PERFORATOR FLAP RECONSTRUCTION ALLOWS FULL SECONDARY MASTOPEXY AND NIPPLE REPOSITIONING
Though there are soft clinical contraindications for nipple-sparing mastectomy (NSM), the anatomic contraindications are less well defined. Patients with moderate to severe ptosis are considered by many to be generally poorer candidates for NSM as there is a deemed increase in the risk of nipple necrosis and an impaired ability to reposition the nipple. One strategy reported by Spear et al. is to perform a staged procedure beginning with an initial reduction followed by a delayed NSM. Because the cancer is not removed at the initial stage of this procedure, it applies almost solely to patients having risk-reduction surgery. Others have reported mastopexy at the time of mastectomy. However, this practice requires maintenance of dermal continuity with the skin envelope resulting in limited nipple repositioning and fragile blood supply. In a study by Dellacroce et al. from the Center for Restorative Breast Surgery, it was theorized that the nipple-areola complex (NAC) could be repositioned without necrosis, based solely on the neovascularity of a perforator flap.
Seventy women underwent 116 NSMs. Eighty-four mastectomies were prophylactic, and 32 were therapeutic. The NSMs were generally performed through a 6 o’clock vertical incision though several patients had a lateral incision and a small number an infra-mammary incision. Immediate reconstruction was performed with a DIEP flap and 62 patients and an SGAP (superior gluteal artery perforator flap) in 54. Eight patients had undergone prior lumpectomy, and five of these had received post lumpectomy radiation. One patient had undergone prior mastopexy with a Wise pattern incisional design. In the image below, one can see that the skin around the reduced NAC is de-epithelialized. The skin envelope is then elevated over the perforator flap, and the shape and size are modified as desired.
Breast-related complications occurred in 16 cases. There were nine partial incisional dehiscences, partial skin-flap necrosis in four patients, and three hematomas requiring operative intervention. There were no flap failures. After surgical débridement and or wound care, all mastectomy flap wounds healed successfully. Examples of the final cosmetic results appear below.

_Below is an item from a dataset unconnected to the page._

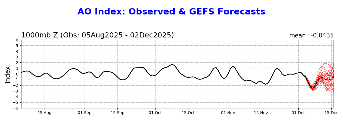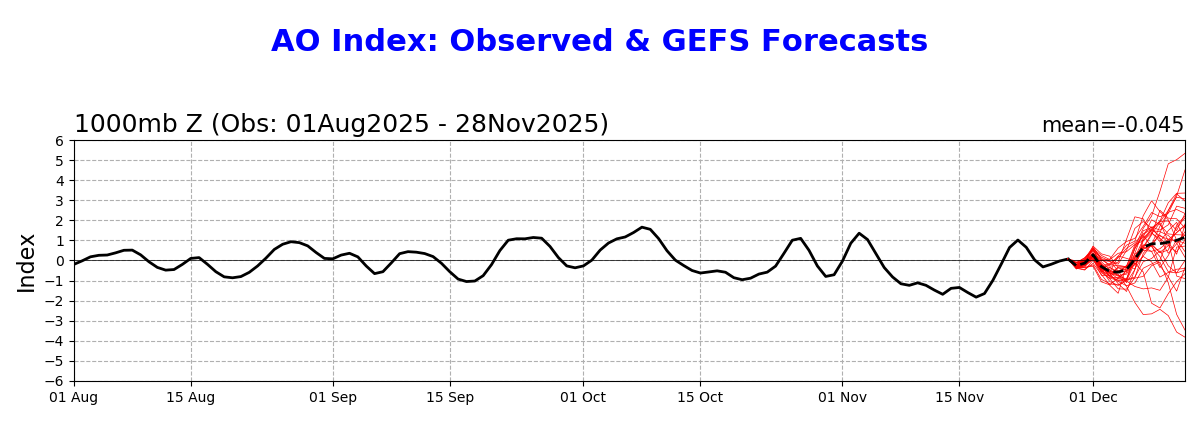 GEFS AO forecasts: Just 4 days ago (11/28 run), it was forecasting the AO to be at +0.7 on Dec 7th (only 9 days out): Today’s run (12/2) has the Dec 7th AO way down to -2.3 or 3.0 lower than the run from a mere 4 days ago: Thus, even the ensemble means when looking out just 8-10 days have recently been missing high latitude blocking. So, for the time being, I’m taking the 11-14 day progs with more of a grain than usual.
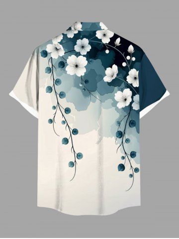 Tenue de plage hawaïenne assortie grande taille, motif aquarelle, motif branches de fleurs, encre ombrée, pour couples - Vert - Vert

The authors noted that patients with breast cancer who present with significant breast ptosis results in a significant dilemma for the reconstructive surgeon. Once NSM is performed, the blood supply to the NAC depends on capillary flow in the skin and dermis. Any profusion from the underlying breast is eliminated. This study shows “that it is possible to safely create a full-thickness, complete periareola incision with wide-field peripheral skin undermining around a preserved NAC after NSM without nipple necrosis. Because of robust NAC revascularization, it is possible to completely reposition the preserved NAC in a manner differing very little from a routine mastopexy.” Furthermore, the authors note that this removes any contraindication, even grade III ptosis, from the selection criteria in patients desiring NSM who have been diagnosed with breast cancer.